In this section, you will learn how to calculate the volume of common solids to include:

V = sum of all unit cubes

Within our area section, we had to provide a definition for the meaning of area. That definition rested upon the square -- particularly a unit square. We saw the area of a figure was nothing more than the sum of all unit squares of a figure. For the volume of a solid, there is a similar definition. The definition for volume is the unit cube. Unit Cube

A unit cube can be 1" x 1" x 1" or 1 yd x 1 yd x 1 yd or 1 ft x 1 ft x 1 ft or a cube by some other unit.

V = Bh = lwh

Let's take a look at a diagram of an actual prism. A diagram will help us understand what volume actually means and how volume is calculated. General Prism

Here is a prism that has a length of 3 units, a width of 6 units, and a height of 4 units. Specific Prism

To understand what volume means, let's start by filling the bottom of the prism with unit cubes. This means the bottom of the prism will act as a box and will hold as many cubes as possible without stacking them on top of each other. This is what it would look like. The diagram above does not yet represent the total volume. It only represents a partial volume, but we need to count these cubes to arrive at the total volume. We could count them one at a time or we could use a shortcut. Since the length is 3 units and the width is 6 units, the bottom layer of cubes measure rows and columns that are 3 units by 6 units. So, a quick way of counting the blocks would be to multiply 3 by 6. In general, we would multiply the length of the prism by its width. Multiplying the numbers, we arrive at 18 cubes resting on the prism's base.

If we imagine the prism like a building, we could stack cubes on top of each other until the prism is completely filled. It would be filled so that all cubes are touching each other such that no space existed between cubes. It would look like this. To count all the cubes above, we could use another shortcut. We already know there are 18 cubes on the bottom level and all levels contain the exact number of cubes. Therefore, we need only take that bottom total of 18 and multiply it by 4 because there are four levels to the prism. 18 x 4 = 72 total cubes to our original prism.

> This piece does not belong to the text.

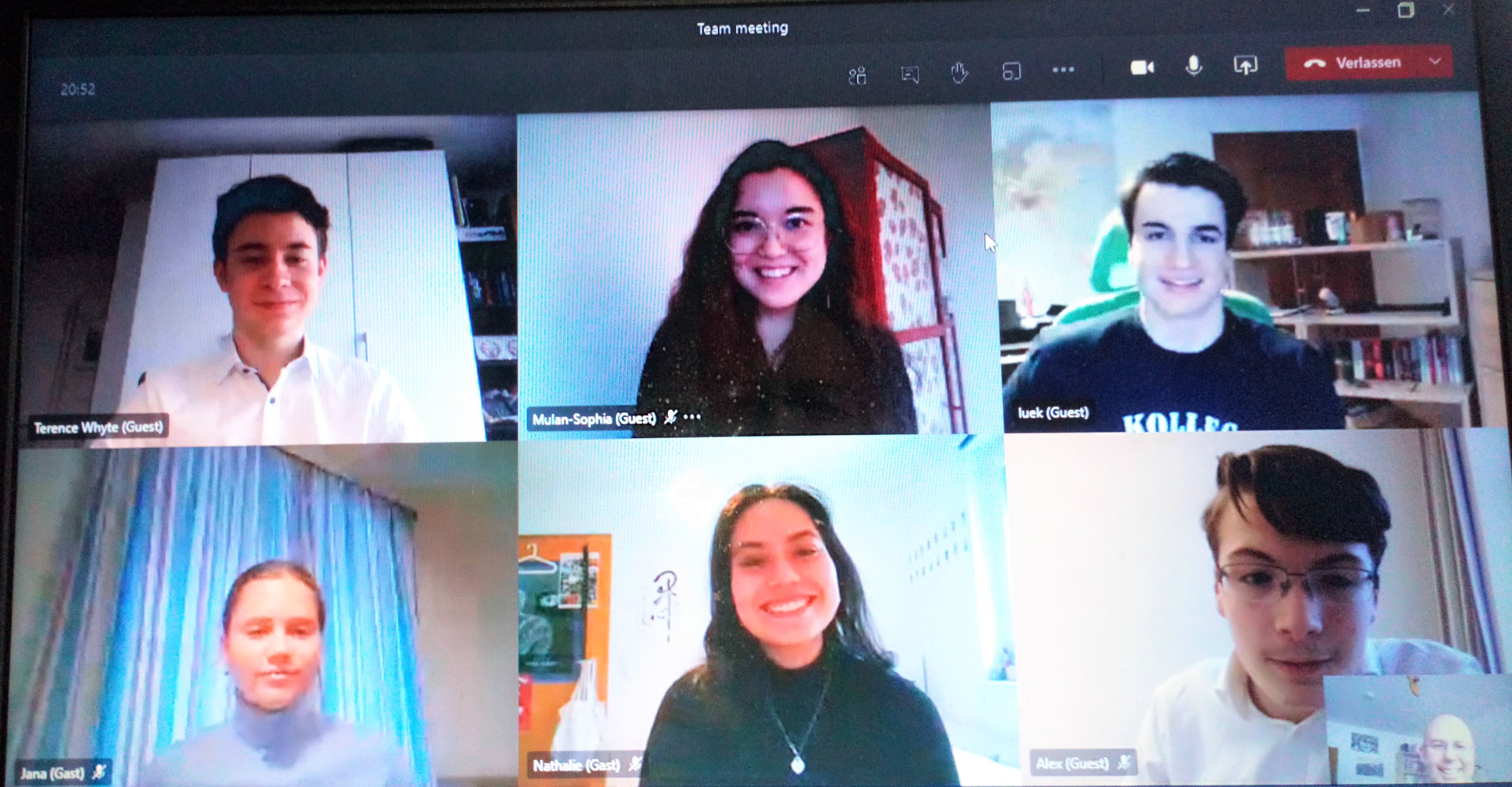 Ende Januar hat unsere Kollegsmannschaft unter der Leitung von Herrn O’Reilly abermals erfolgreich in der „Debating Senior League“ teilgenommen. Die Vorbereitung und die Durchführung des Wettbewerbs in der 3. und 4. Runde erfolgte online. In der ersten „Impromptu-Debatte“ argumentierten Luekar Herke, Terence Whyte und Alexander Hodson im „Team Proposition“, dass Gewerkschaften sich eher für eine Reduzierung der Arbeitszeit als auf eine Lohnerhöhung positionieren. In der zweiten Debatte verfolgten Jana Hottmann, Nathalie Hagelstein und Mulan-Sophia Zheng im „Team Opposition“ den Standpunkt, dass dem Erfolg von „true crime entertainment“ entgegengetreten werden muss.

If we review our calculations, we find that the total bottom layer of cubes was found by multiplying the prism's length by its width. Then, we took the result and multiplied it by the prism's height. So the volume of a prism is its length times its width times its height. Sometimes geometers refer to the volume as the area of the bottom times the height. Symbolicly, it is written as V = Bh, where the capitol B stands for the area of the solid's base (bottom).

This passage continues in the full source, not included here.